Todo conjugaba un excitante preludio para su impostergable encuentro de romper las reglas una por una y, si acaso, inventar otras nuevas para romperlas también.


«Así debe sentirse cuando te enamoras de alguien fuera de tu alcance», o algo así le escuchó asegurar una vez a su prima Linda. A Aristóteles le hacía mucho más sentido que aquella emoción desbordada se debiera a que el hombre que amaba era más de lo que jamás soñó.

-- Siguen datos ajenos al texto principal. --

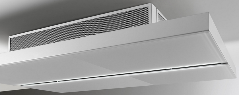 Descrizione: Cappa a soffitto in vetro bianco, luce a LED, telecomando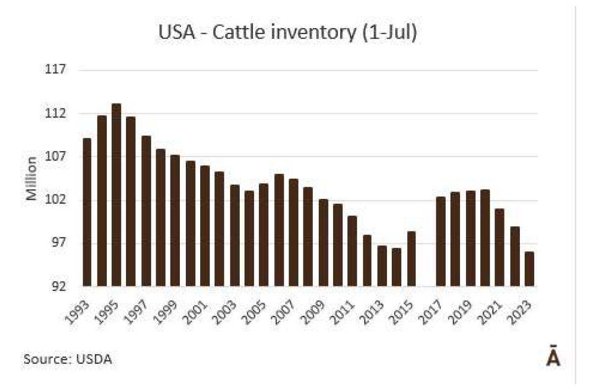 美國(guó)農(nóng)業(yè)部國(guó)家農(nóng)業(yè)統(tǒng)計(jì)局稱7月 1日牛庫(kù)存的數(shù)量是9590萬(wàn)頭,比去年的9860萬(wàn)頭低3%,是自1971年以來(lái)最小的庫(kù)存。所有奶牛和小母牛總計(jì)3880萬(wàn)頭,比2022年7月1日的3960萬(wàn)頭低2%。2940萬(wàn)頭的肉牛比一年前減少了3%。奶牛數(shù)量為940萬(wàn)頭,與前一年相比沒(méi)有變化。

—¡Llegaste! —la voz llena de ilusión le saludó antes de voltearse en su dirección luego de cerrar con excesivo cuidado la puerta trasera. Unos segundos después, los brazos de Cuauhtémoc le rodearon y estrecharon. Su exquisito perfume francés le golpeó y antes de levantar por completo la mirada, sus carnosos labios retomaron el beso que dejaron morir a media tarde cuando casi fueron sorprendidos por el estricto capataz Tabárez en la caballeriza.


—Tam-bién es-to-y fe-liz de ver-te —alcanzó a musitar Aristóteles entre besos y mordidas. Posiblemente ni se le hubiera entendido muy bien, pero tampoco era como que eso mataría la urgencia que tenían el uno del otro.


—Tar-das-te mu-cho, cre-í que te ha-bían a-tra-pa-do —rebatió el castaño mientras en un par de pasos los conducía al salón principal—. Te ex-tra-ñé.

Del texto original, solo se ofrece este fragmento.